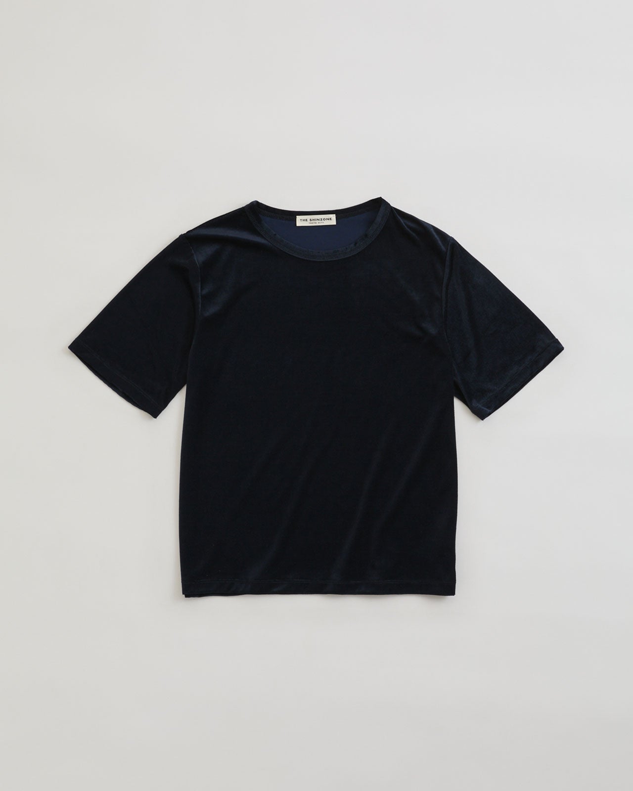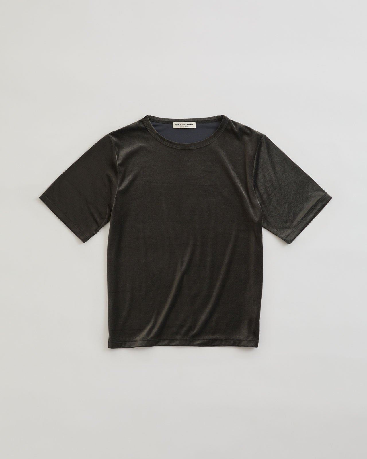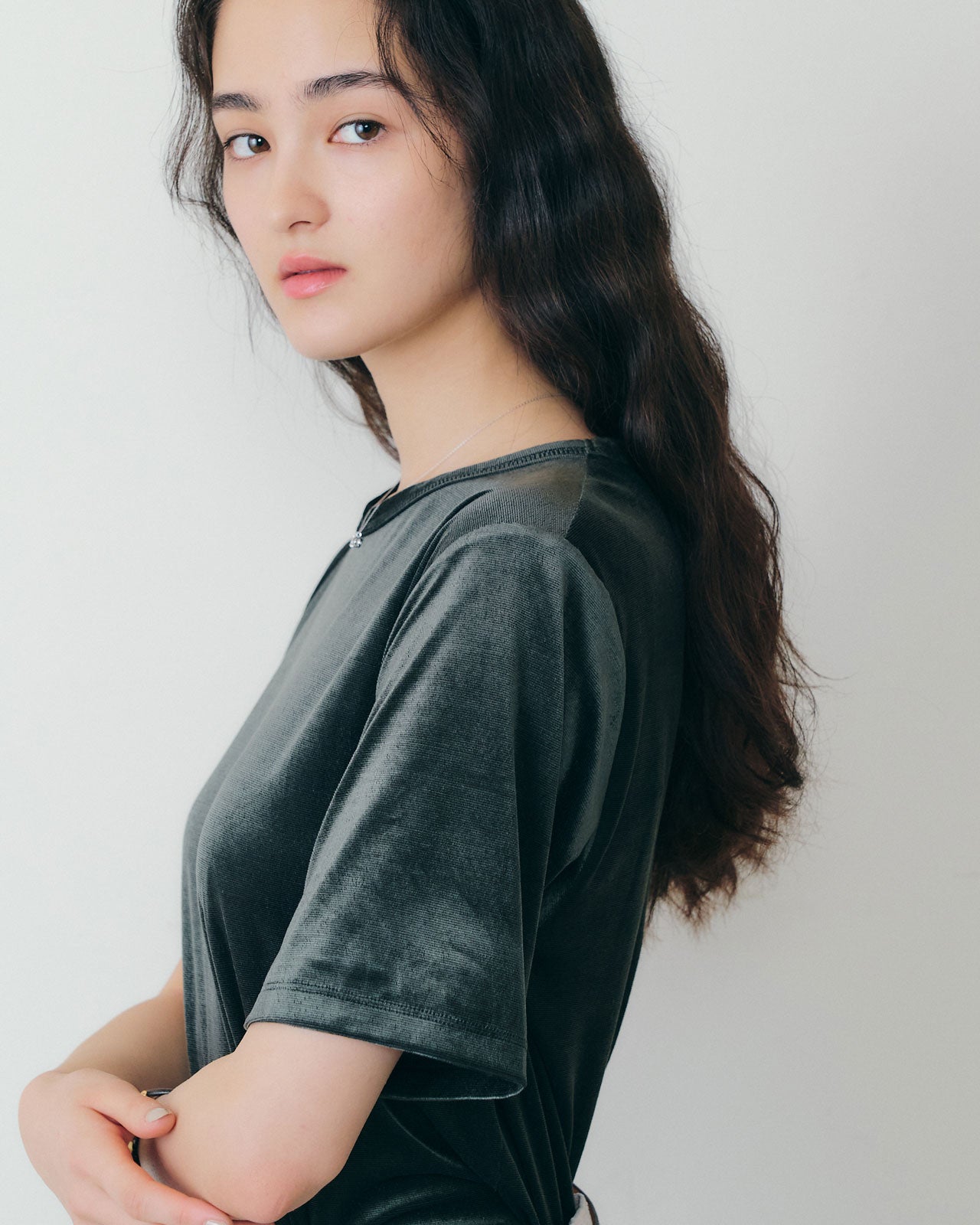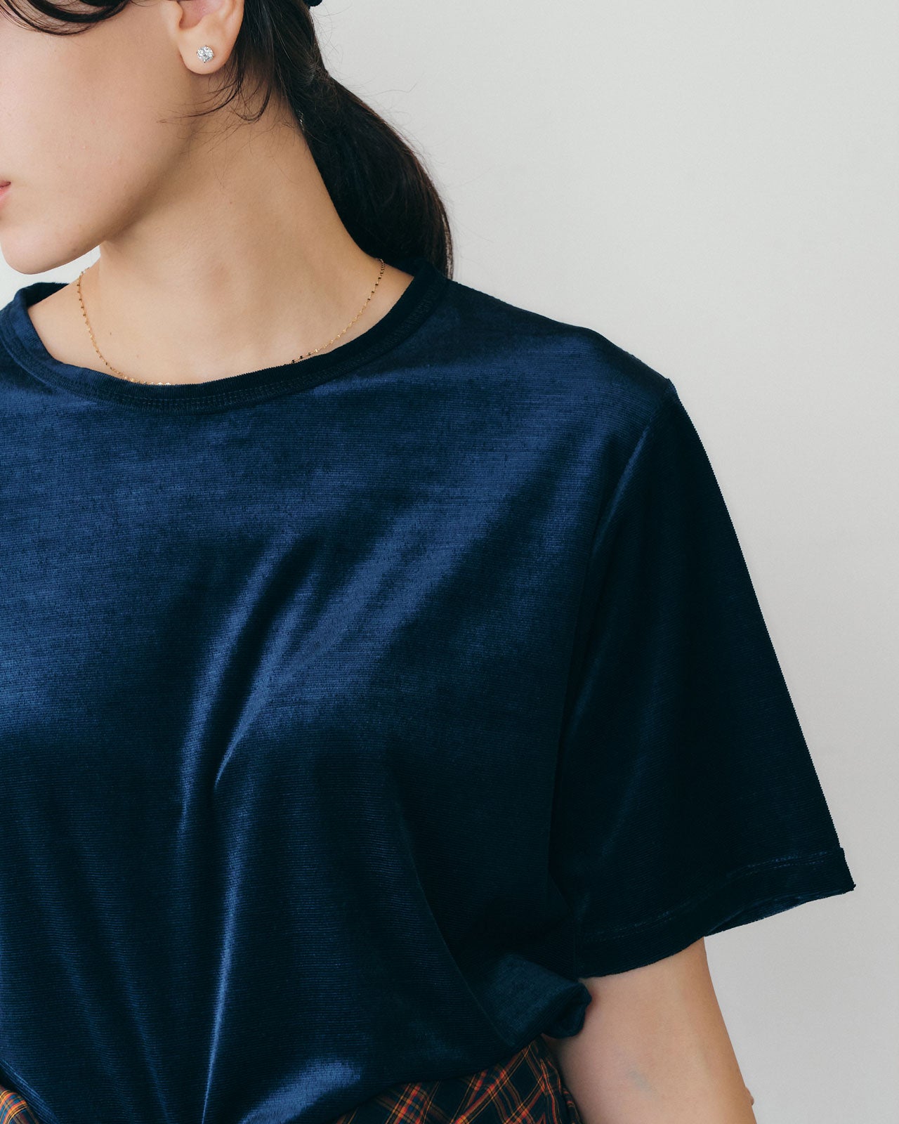 光沢感とドレープ性の高いトリアセテート素材のベロア生地を使用した半袖Tシャツ。 生地の表面が細いボーダーになっているのでメランジ調な見え方になり、大人っぽい上品な光沢感が特徴です。 発色が鮮やかなイエローと、カーキとネイビーの3色展開。 同素材の長袖とのレイヤードコーディネートもおすすめです。
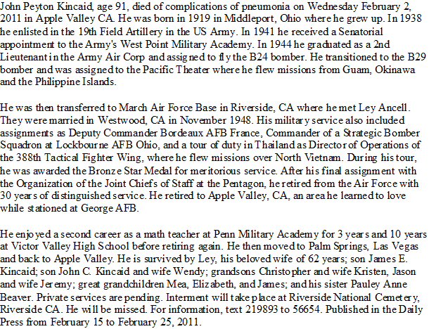 Died: February 2, 2011 in Apple Valley, San Bernardino County, California.
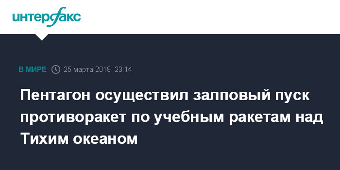 Москва. 25 марта. INTERFAX.RU - США в понедельник провели испытание системы противоракетной обороны континентальной части страны, впервые осуществив залповый пуск двух противоракет на перехват учебных межконтинентальных баллистических ракет вероятного противника, под которым подразумевается Северная Корея или Иран, сообщили калифорнийские СМИ, ссылаясь на источники в Пентагоне.
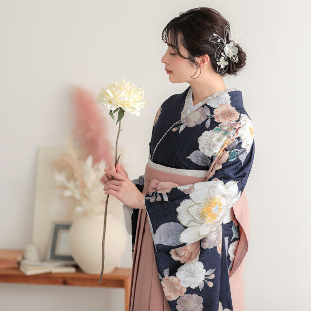 商品説明 | 紺を基調に、牡丹に雪輪を描いたお振袖で、美しい柄行と柔らかな色合いが特徴的です。シンプルでありながら洗練されたデザインは様々なシーンに合う一枚です。 振袖袴着用に必要なものが全て揃った安心のフルセットです。 -セット内容- 振袖/袴/半幅帯/重ね衿/草履・バッグ/長襦袢/肌着/帯板/伊達締め/腰ひも5本/コーリンベルト/衿芯/足袋 ※袴はスカートタイプの仕様です。 |
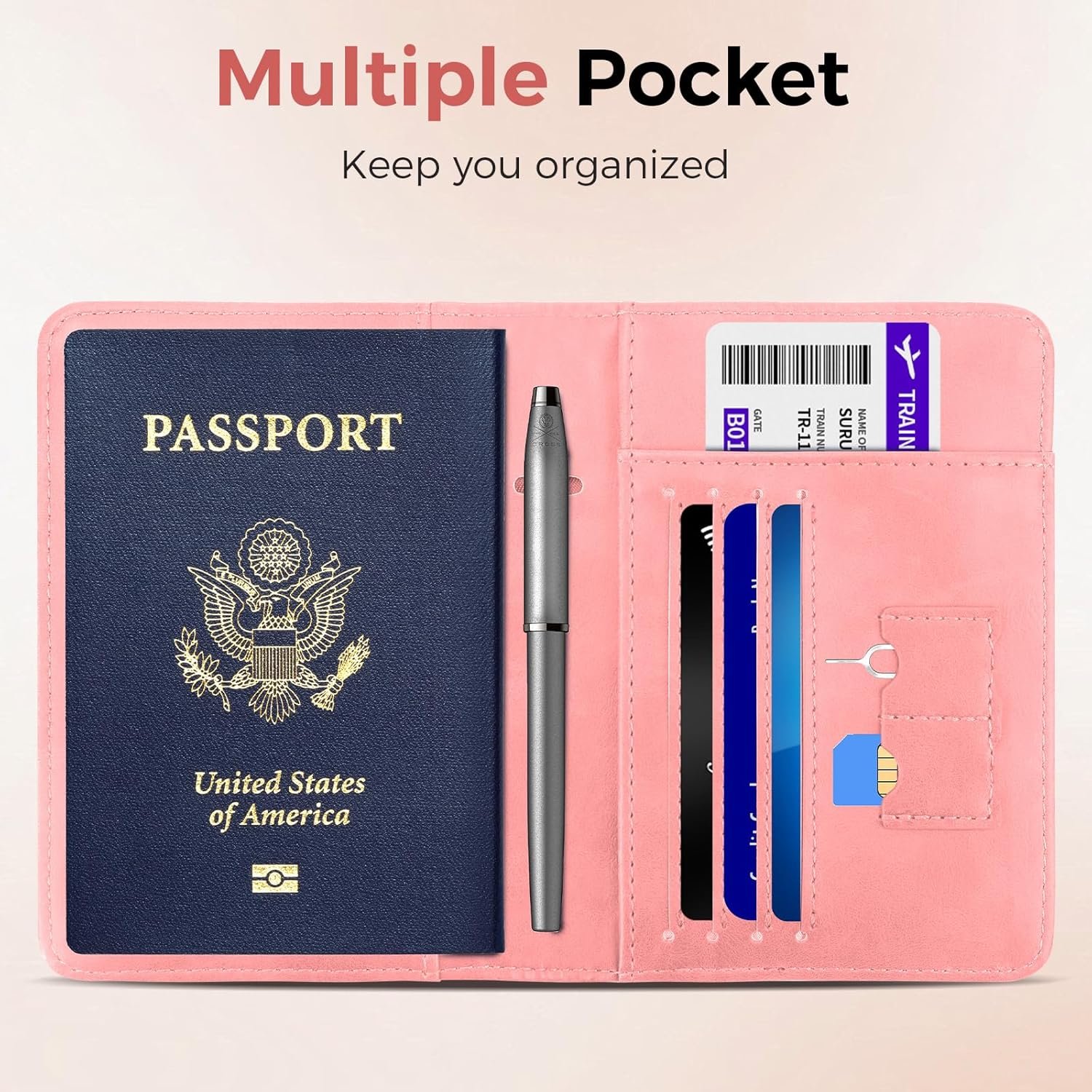Stay Organized: Stay organized and stress-free while traveling with our multifunctional passport wallet for men women, featuring designated compartments for business cards, credit cards, cash, boarding passes, SIM cards, and a pen. Keep all essentials easily accessible for a smooth boarding and transit experience.
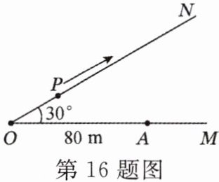 16. [应用意识]如图,有两条公路 OM,ON 相交成$30^\circ$角,沿公路 OM 方向离 O 点 80 m 处有一所学校 A,当重型运输卡车 P 沿道路 ON 方向行驶时,在以点 P 为圆心,50 m 长为半径的圆形区域内都会受到卡车噪声的影响,且与卡车距离越近,噪声影响越大. 已知重型运输卡车 P 沿道路 ON 方向行驶的速度为 18 km/h.
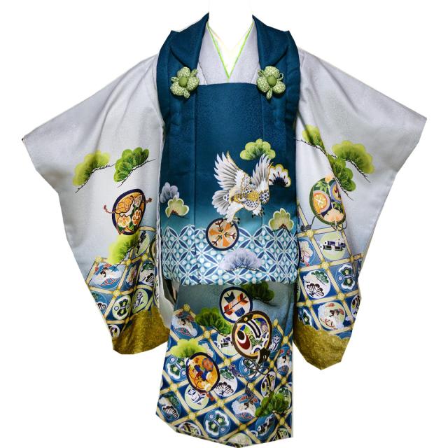 【レンタル】 七五三 着物 男の子 絵羽柄 3歳 8点 被布 セット 3(被布青緑・着物グレー) 三歳 レトロ 古典柄 【 被布 セット 男の子 子供
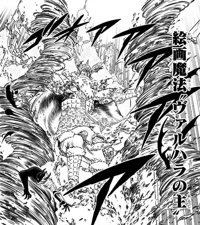 With an open grimoire, the user manifests a paint brush and a palette and, with a swipe of the brush, creates a giant, bearded man with a winged helmet, armor, and spear. Once created, the giant can raise his hands to summon multiple tornados, which capture and tear apart opponents.[1]
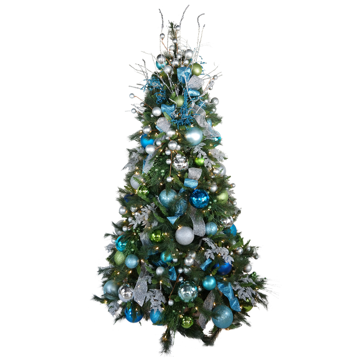 From the Alaskan Deluxe collection, this Christmas tree is 14ft tall and features multi-LED lights and a natural, wild look. 12ft tall and 6ft in diameter at the base with 2,200 individual LED mini-bulbs, this tree is truly an Alaskan gem and perfect for both commercial and residential applications.
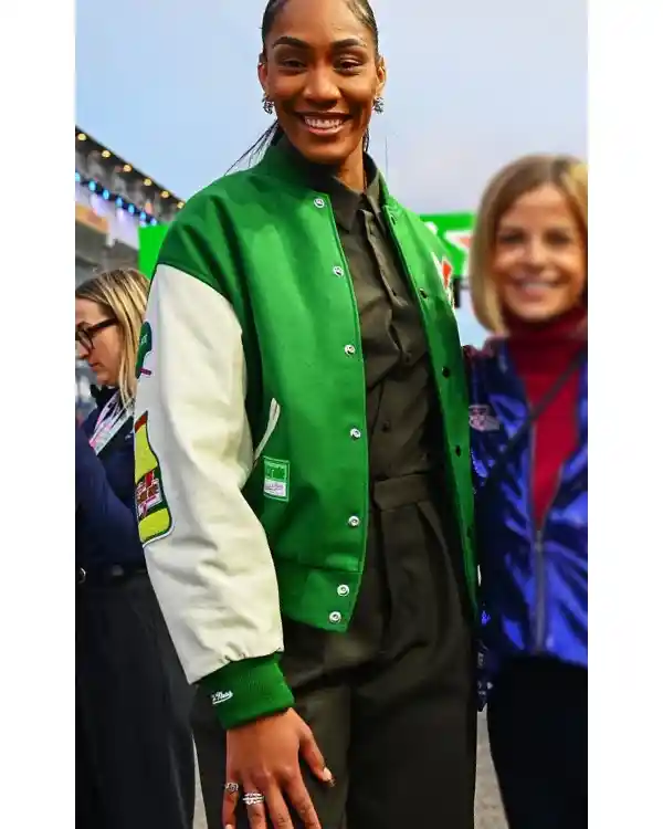 Order Recreation – A’ja Wilson Gatorade Green & White Varsity Jacket Sale
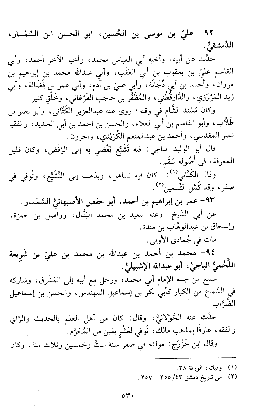 92 - عليّ بن موسى بن الحسين، أبو الحسن ابن السّمْسار الدّمشقيّ. [المتوفى: 433 هـ]
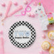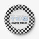 This one happy dude first birthday paper plate features a fun retro font and blue smiley face with a chequered background. This plate is perfect for your little man to celebrate his first big birthday! Pair with anything in the TRAVIS Collection for a cohesive look.
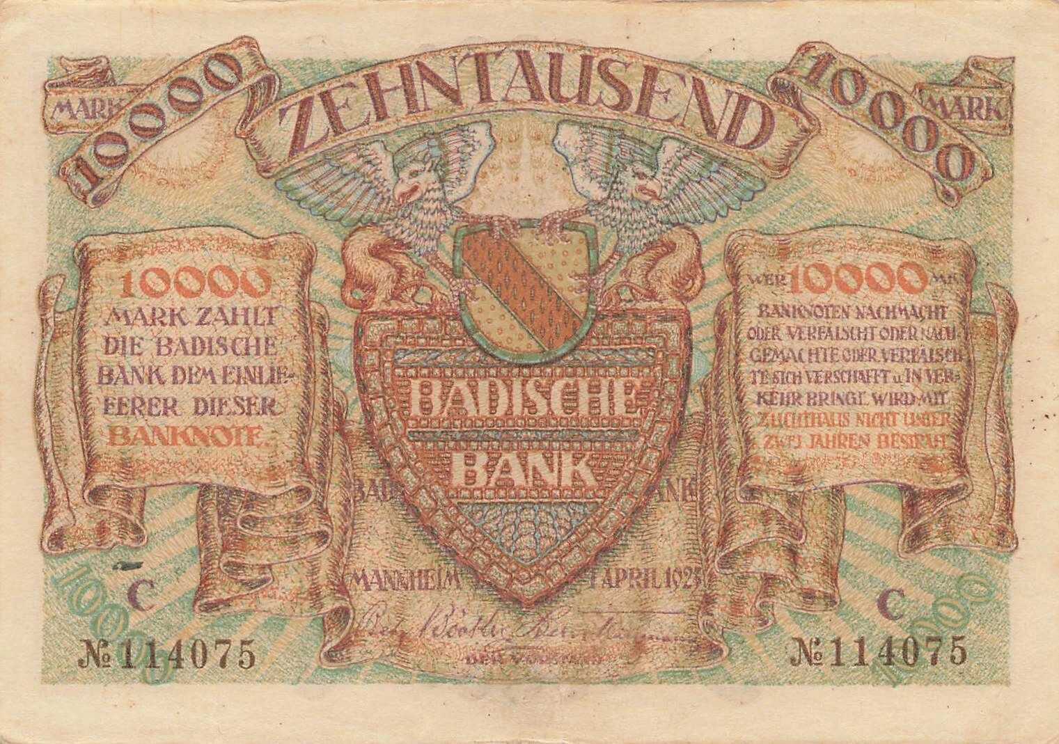 Billet Baden 10000 Mark - Badische Bank - 01-04-1923 - P.S910
--------------------
[Task brief] Set every record down again verbatim, without pictures.

[Solution]
 光沢感とドレープ性の高いトリアセテート素材のベロア生地を使用した半袖Tシャツ。 生地の表面が細いボーダーになっているのでメランジ調な見え方になり、大人っぽい上品な光沢感が特徴です。 発色が鮮やかなイエローと、カーキとネイビーの3色展開。 同素材の長袖とのレイヤードコーディネートもおすすめです。
 Died: February 2, 2011 in Apple Valley, San Bernardino County, California.
 Москва. 25 марта. INTERFAX.RU - США в понедельник провели испытание системы противоракетной обороны континентальной части страны, впервые осуществив залповый пуск двух противоракет на перехват учебных межконтинентальных баллистических ракет вероятного противника, под которым подразумевается Северная Корея или Иран, сообщили калифорнийские СМИ, ссылаясь на источники в Пентагоне.
 商品説明 | 紺を基調に、牡丹に雪輪を描いたお振袖で、美しい柄行と柔らかな色合いが特徴的です。シンプルでありながら洗練されたデザインは様々なシーンに合う一枚です。 振袖袴着用に必要なものが全て揃った安心のフルセットです。 -セット内容- 振袖/袴/半幅帯/重ね衿/草履・バッグ/長襦袢/肌着/帯板/伊達締め/腰ひも5本/コーリンベルト/衿芯/足袋 ※袴はスカートタイプの仕様です。 |
Stay Organized: Stay organized and stress-free while traveling with our multifunctional passport wallet for men women, featuring designated compartments for business cards, credit cards, cash, boarding passes, SIM cards, and a pen. Keep all essentials easily accessible for a smooth boarding and transit experience.
 16. [应用意识]如图,有两条公路 OM,ON 相交成$30^\circ$角,沿公路 OM 方向离 O 点 80 m 处有一所学校 A,当重型运输卡车 P 沿道路 ON 方向行驶时,在以点 P 为圆心,50 m 长为半径的圆形区域内都会受到卡车噪声的影响,且与卡车距离越近,噪声影响越大. 已知重型运输卡车 P 沿道路 ON 方向行驶的速度为 18 km/h.
 【レンタル】 七五三 着物 男の子 絵羽柄 3歳 8点 被布 セット 3(被布青緑・着物グレー) 三歳 レトロ 古典柄 【 被布 セット 男の子 子供
 With an open grimoire, the user manifests a paint brush and a palette and, with a swipe of the brush, creates a giant, bearded man with a winged helmet, armor, and spear. Once created, the giant can raise his hands to summon multiple tornados, which capture and tear apart opponents.[1]
 From the Alaskan Deluxe collection, this Christmas tree is 14ft tall and features multi-LED lights and a natural, wild look. 12ft tall and 6ft in diameter at the base with 2,200 individual LED mini-bulbs, this tree is truly an Alaskan gem and perfect for both commercial and residential applications.
 Order Recreation – A’ja Wilson Gatorade Green & White Varsity Jacket Sale
 92 - عليّ بن موسى بن الحسين، أبو الحسن ابن السّمْسار الدّمشقيّ. [المتوفى: 433 هـ]
 This one happy dude first birthday paper plate features a fun retro font and blue smiley face with a chequered background. This plate is perfect for your little man to celebrate his first big birthday! Pair with anything in the TRAVIS Collection for a cohesive look.
 Billet Baden 10000 Mark - Badische Bank - 01-04-1923 - P.S910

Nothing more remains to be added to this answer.